Page last updated at 18:02 GMT, Tuesday, 9 March 2010

Indian upper house approves women's quota bill


The vote on whether to suspend members of the upper house

The upper house of India's parliament has approved a bill to reserve a third of all seats in the national parliament and state legislatures for women.

The bill was passed with 186 members of the 245-seat house voting in favour. Only one member voted against. Several smaller parties boycotted the vote.

The bill's introduction on Monday led to uproar from opponents, resulting in the suspension of seven MPs on Tuesday.

First proposed in 1996, the bill now has support from India's main parties.

Soutik Biswas
By Soutik Biswas
BBC News, Delhi

This is one affirmative action which large parts of India do support.

India does have some measures to support its women, but in a largely patriarchal society they have borne the brunt of neglect and discrimination.

Acts such as female foeticide leading to skewed sex ratios in some of the most prosperous states are abominable. Things are changing, but the way India sometimes treats its women is a national shame.

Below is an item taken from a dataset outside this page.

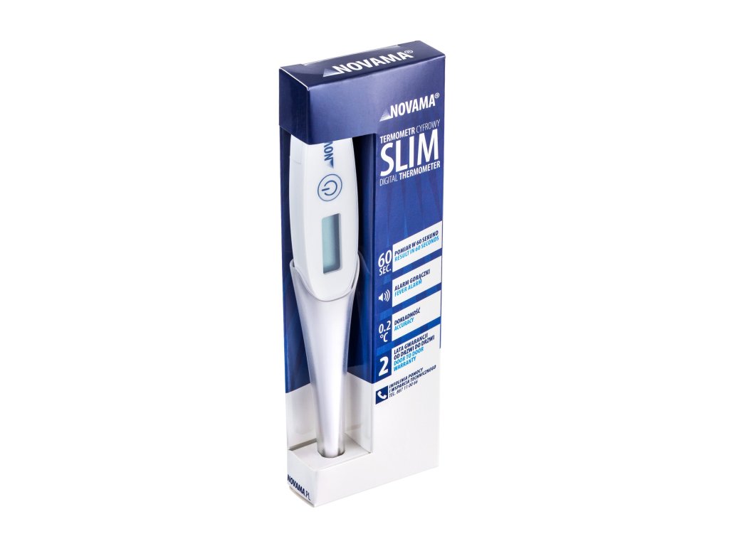 NOVAMA SLIM je moderný digitálny teplomer, ktorý vďaka svojim funkciám a presnosti predstavuje spoľahlivého pomocníka pre každú domácnosť. S rýchlym meraním, alarmom horúčky a jednoduchým ovládaním je ideálny pre všetky vekové kategórie.

Also, with just 10% of its parliamentary seats held by women, India needs to play catch-up. Its neighbours fare much better - Bangladesh reserves 15% of its parliamentary seats for women, Pakistan 30% and Afghanistan, after its new constitution, more than 27%.

At present women make up just 10% of the lower house of parliament (Lok Sabha), and significantly fewer in state assemblies.

Sonia Gandhi, Congress party president, has said she attaches the "highest importance" to the proposals and passing them would be a "gift to the women of India".

The bill needed the support of two-thirds of voters present in the upper house (Rajya Sabha) for it to be passed.

It will be tabled in the lower house at a later date. An overwhelming majority there support the move, correspondents say.

The bill has the support of the governing Congress-led UPA alliance, the BJP-led NDA alliance and left-wing parties.

Many believe it will help overcome gender inequality in India and lead to decisions that help improve the lives of millions of women.

'Giant step'

Party leaders hailed the approval of the historic bill, which they had hoped would be passed on Monday, International Women's Day.

Indian women

"The bill is a historic and giant step towards empowering women and a celebration of their rights," Prime Minister Manmohan Singh said in the Rajya Sabha.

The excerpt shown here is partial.